Die an die BewohnerInnen Alaskas ausgeschüttete Dividende ist jedoch weit davon entfernt, ein Grundeinkommen in Existenz sichernder Höhe zu sein. Ihre Höhe schwankte in den letzten Jahren zwischen 845 und 2.069 US-Dollar pro Jahr, abhängig von der Entwicklung des Ölpreises. 2010 lag sie bei 1.281 US-Dollar, das sind auf den Monat gerechnet etwas über 100 US-Dollar.
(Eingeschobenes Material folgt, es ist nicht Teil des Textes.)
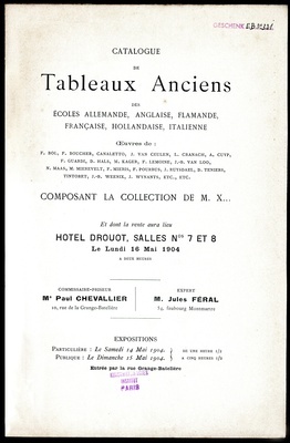 Catalogue de tableaux anciens : des Écoles allemande, anglaise, flamande, française, hollandaise, italienne : œuvres de F. Bol, F. Boucher, Canaletto, J. van Ceulen, L. Cranach, A. Cuyp [und weiteren] : composant la Collection de M. X.... : et dont la vente aura lieu Hôtel Drouot, Salles Nos 7 & 8, le lundi 16 mai 1904 / commissaire-priseur: Paul Chevallier ; expert Jules Féral

Eine kritische Darstellung des Alaska Permanent Fund findet sich in Blaschke, Ronald (Hrsg.); Otto, Adeline (Hrsg.); Schepers, Norbert (Hrsg.): Grundeinkommen: Geschichte – Modelle – Debatten [2]. Berlin, 2010, S. 158 ff.

Zur Geschichte der Konferenz: 2002 als US Basic Income Guarantee Network Conference vom US-amerikanischen Netzwerk ins Leben gerufen, kamen die Netzwerke aus Kanada und den USA im vergangenen Jahr überein, die Konferenz gemeinsam zu veranstalten und abwechselnd jeweils in den USA und Kanada stattfinden zu lassen. So fand die NABIG-Conference 2010 erstmals in Montreal, Kanada statt. Dieses Jahr also wieder die USA, und so wurde die Konferenz wie schon vor zwei Jahren im Rahmen der Jahrestagung von der Eastern Economic Association (EEA) abgehalten, die auch die komplette Kongressorganisation übernahm.
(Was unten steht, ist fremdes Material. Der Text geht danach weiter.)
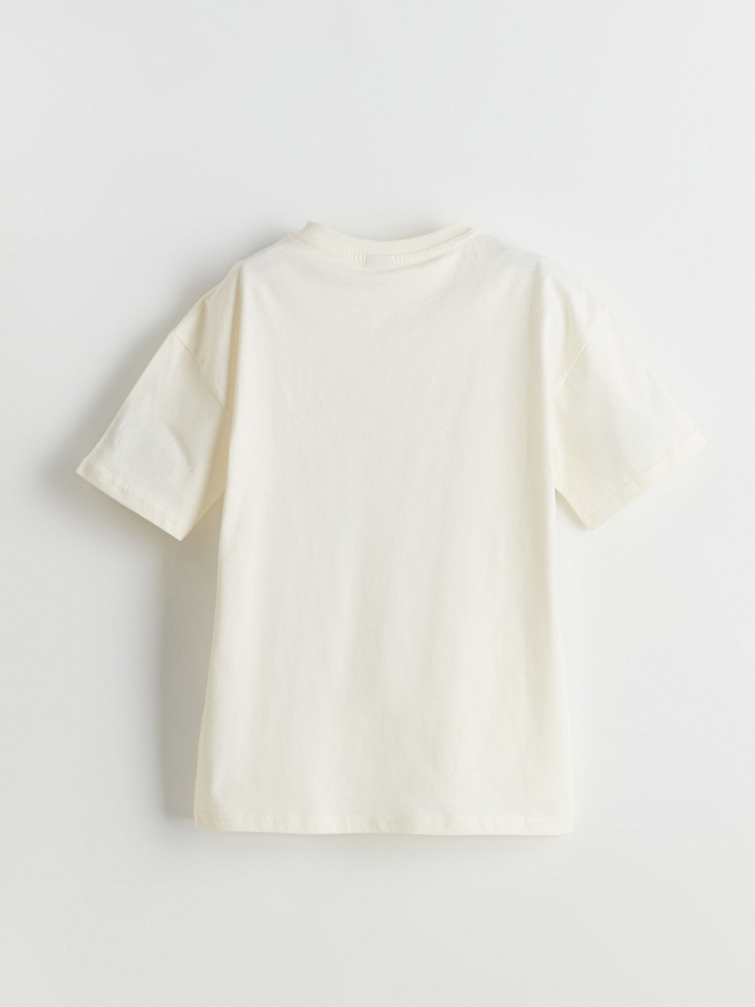 A relaxed fit, short sleeve, thin combed cotton t-shirt for boys. It offers a stylish look with its crew neck detail and embossed printed design. Ideal for daily use.

Im Rahmen der Konferenz fand zudem das diesjährige Treffen des BIEN Excecutive Committees statt, in dessen Zentrum hauptsächlich der BIEN-Kongress 2012 in München stand. Finanzierung, Kongressverlauf und HauptrednerInnen wurden ebenso diskutiert wie mögliche Unterstützungsformen für Einkommensschwache und ein baldiges Vorbereitungstreffen des BIEN-Vorstands mit den Verantwortlichen des Netzwerks Grundeinkommen.